USA Rugby South
- Sport: Rugby union
- Founded: 1976
- USAR affiliation: 1976–1982

= USA Rugby South =

USA Rugby South is an organization that combines a number of unions in the south-east of the United States for competition and representative honours.
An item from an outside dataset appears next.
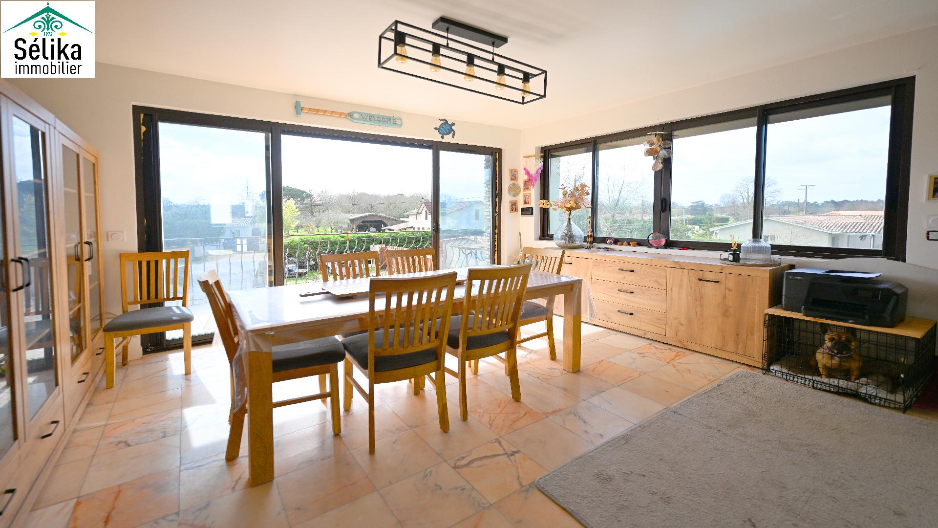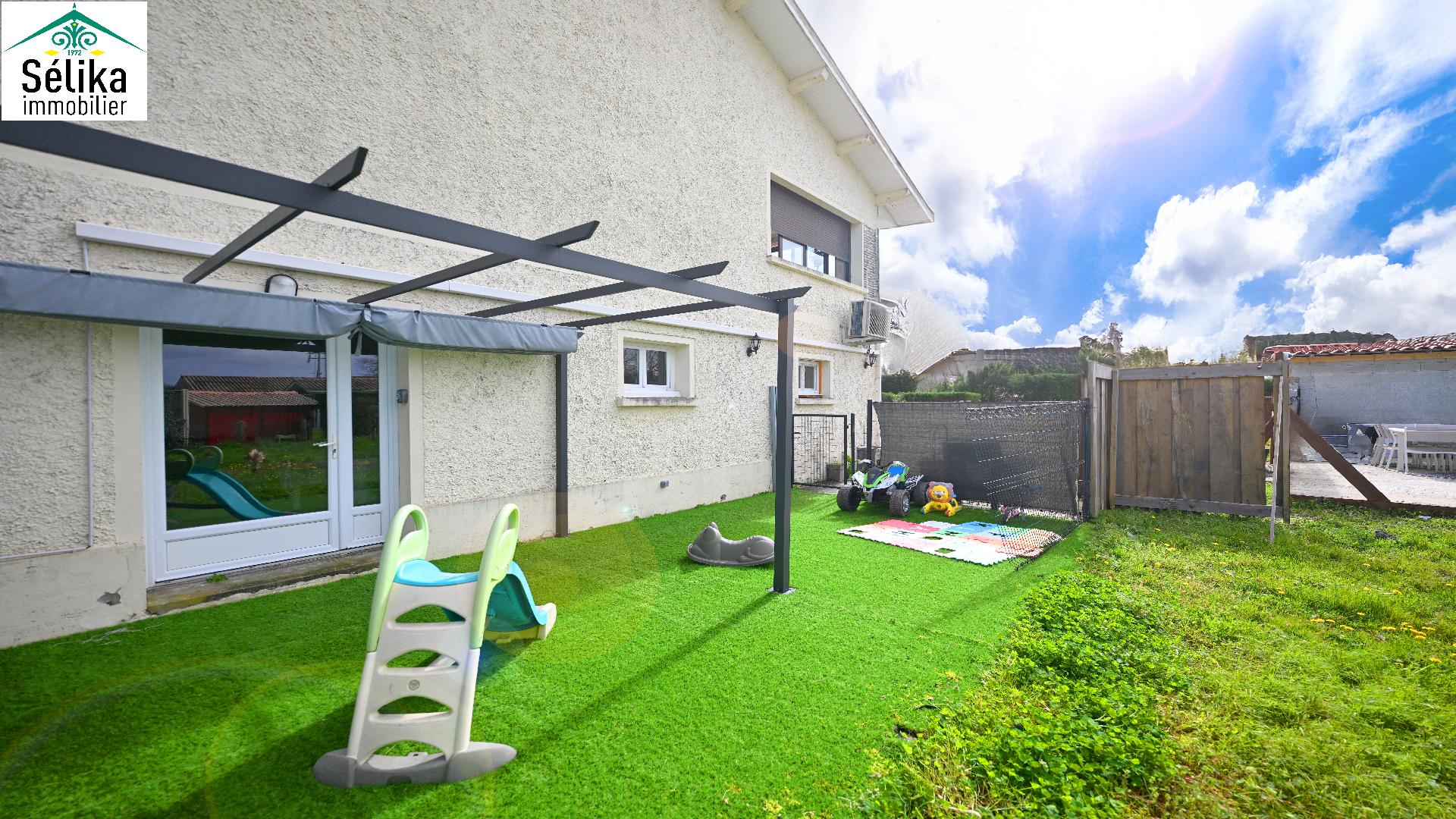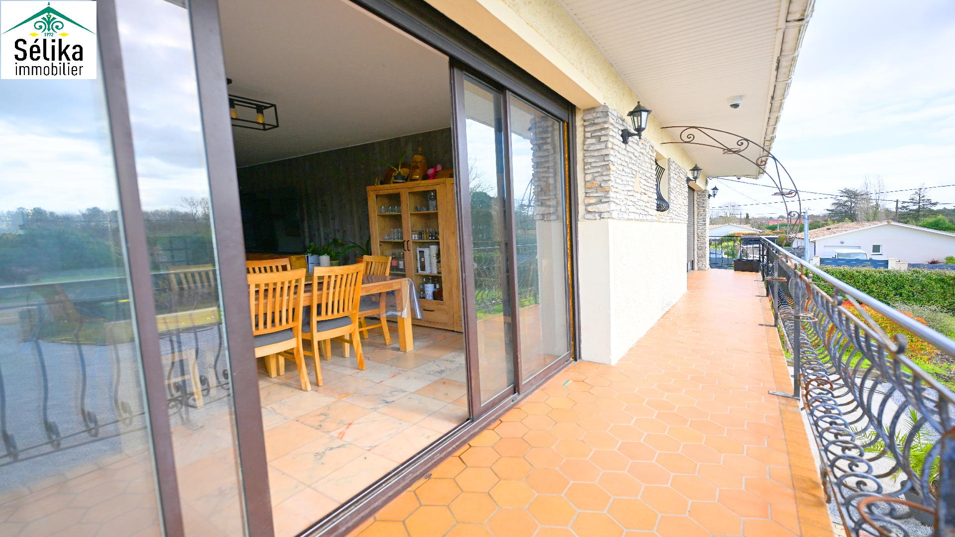 Découvrez cette grande villa idéale, pour une vie de famille ou résidence principale sur deux niveaux. En rez de chaussée un appartement T2 indépendant. Une autre pièce seule est également aménagée en chambre. Un vaste garage avec recharge pour 2 véhicules électriques. A l'étage le séjour s'ouvre plein sud sur un grand balcon avec un beau dégagement. Une cuisine séparée, 3 chambres, 1 salle de bain, 1wc séparé et de nombreux rangements complètent l'ensemble. Panneaux solaires, clim réversible par pompe à chaleur offrent confort et économie avec un très bon DPE : A ! Puit foré avec arrosage automatique. L'espace extérieur propose une piscine (10x4) avec de larges terrasses, agrémenté d'un aire de pétanque aménagé. En plus du grand jardin, de nombreuses places de parking dans la propriété offrent l'agrément de recevoir familles et amis. La photo non contractuelle depuis la piscine propose l'aménagement des travaux en cours par le propriétaire.

Its representative team is known as the Panthers.

Originally formed as Southern Eastern Rugby Union in 1976, this representative team played against the North Eastern Rugby Union between 1976 and 1982.

USA Rugby South organizes inter-union competitions between champion teams from each geographical union, who go on to represent USA Rugby South at national competitions.

Since 2013, the USA Rugby South Panthers have competed in the NACRA Rugby Championship and were crowned champions in their first year, beating Trinidad and Tobago in the final.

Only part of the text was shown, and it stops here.